In early December 2019, an outbreak of pneumonia with an unknown cause emerged in Wuhan, China 1,2. It has since been identified as COVID-19, a disease caused by SARS-CoV-2 (severe acute respiratory coronavirus 2). To curb the spread of SARS-CoV-2, the diagnosis of SARS-CoV-2 in prospective patients is the first crucial step for tracing and effective control of infection in the community. While there are methods, such as the IgM/IgG lateral flow test and rapid antigen tests, WHO recommended the diagnosis of SARS-CoV-2 in suspected cases with a nucleic acid amplification test, such as real-time PCR (qRT-PCR), with respiratory specimens 3. These respiratory specimens include nasopharyngeal and/or oropharyngeal swabs. However, the collection of nasopharyngeal and/or oropharyngeal swabs is invasive and requires close contact between healthcare workers and patients. Patients experience a degree of discomfort during the process of nasopharyngeal and/or oropharyngeal swab collection, making it less acceptable when serial sampling is needed 4. Furthermore, the use of personal protective equipment is necessary to protect healthcare workers from the risk of viral transmission. The use of personal protective equipment poses additional strain to the already overstretched healthcare systems.

Other studies have shown that saliva can serve as a noninvasive specimen for the diagnosis of SARS-CoV-2 using qRT-PCR [5,6,7,8,9]. However, Becker et al. 10 indicated that saliva samples have an approximately 30–50% reduction in sensitivity when tested in a community setting. This highlights the need to find other noninvasive and patient-friendly sample collection methods. Therefore, this study was carried out to evaluate the analytical performance and sample stability of self-collected gargle specimens in the population setting (inpatients and outpatients) for the initial diagnosis of SARS-CoV-2 infection in Semarang, Indonesia.


SARS-CoV-2 viral RNA is stable at room temperature for 31 days when preserved with BioSaliva

To determine the stability of SARS-CoV-2 viral RNA in gargle specimens, we spiked 4 gargle specimens from healthy volunteers with SARS-CoV-2 viral RNA at a final concentration of 20 copies/µl, mixed them with BioSaliva Collection Buffer at 1:1 composition, and stored at room temperature (22–27 °C), fridge (2–8 °C), − 20 °C freezer (− 15 to − 20 °C), and − 80 °C freezer (− 75 to − 85 °C).
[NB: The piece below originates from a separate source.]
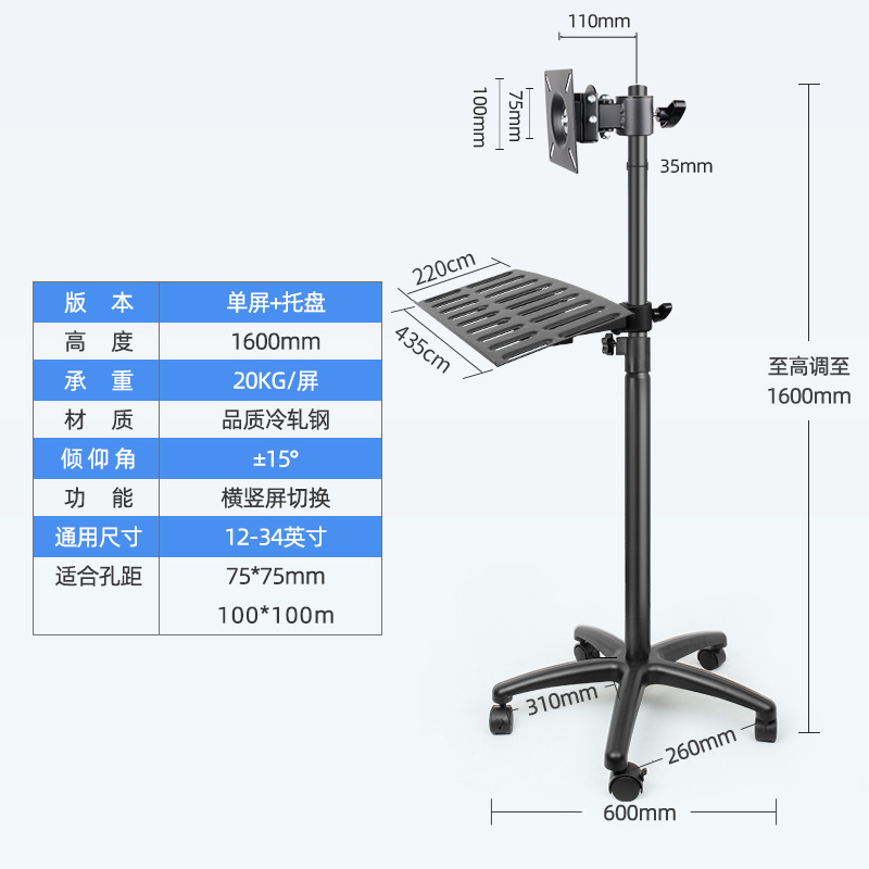 横縦スクリーン回転コンピュータディスプレイ床スタンドテレビ床スタンドディスプレイ吊り棚12-34インチ

A total of 80 gargle specimens were extracted at day 0, 7, 14, 21, and 31 to check the stability of spiked SARS-CoV-2 viral RNA. We found that the detection of both target genes remained stable for 31 days at room temperature, − 20 °C, and − 80 °C (Fig. 1A, B), while no viral RNA was detected on gargle specimens stored at 4 °C after 7 days.

Figure 1
figure 1

(A), (B) Stability of SARS-CoV-2 viral RNA at room temperature, 4 °C, − 20 °C, and − 80 °C for 31 days. Both target genes, helicase (A) and RdRP (B), were detected with no increase in Ct values at room temperature and − 80 °C, while no detection of SARS-CoV-2 viral RNA observed on samples stored at 4 °C. (C) Ct values comparison between spiked gargle specimens with and without BioSaliva Collection Buffer. Increased Ct value was observed on spiked gargle specimens without BioSaliva Collection Buffer.
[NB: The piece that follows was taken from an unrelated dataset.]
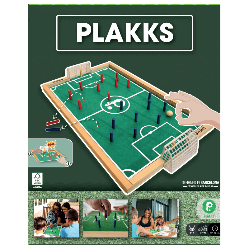 Plakks est un jeu de football de type pichenette. Les joueurs se renvoient la balle à coup de pichenette jusqu'à ce qu'un but soit marqué.

To assess whether BioSaliva Collection Buffer preserved RNA integrity, we compared the spiked gargle specimens with and without the addition of the Collection Buffer at room temperature. We observed that there was a shift of 5 Ct values or higher in spiked gargle specimens without Collection Buffer after incubation at room temperature for 2 days (Fig. 1C). This implies that adding the Collection Buffer to gargle specimens preserve RNA integrity.

As no viral RNA was detected for gargle specimens stored at 4 °C, Kruskal–Wallis test was performed to compare the median differences between samples stored at room temperature, − 20 °C, and − 80 °C. For the helicase target gene, there was no significant difference in the detection between all three temperatures (p-value = 0.8305). There was also no significant difference found in the detection of RdRP between all three temperatures (p = value = 0.6478).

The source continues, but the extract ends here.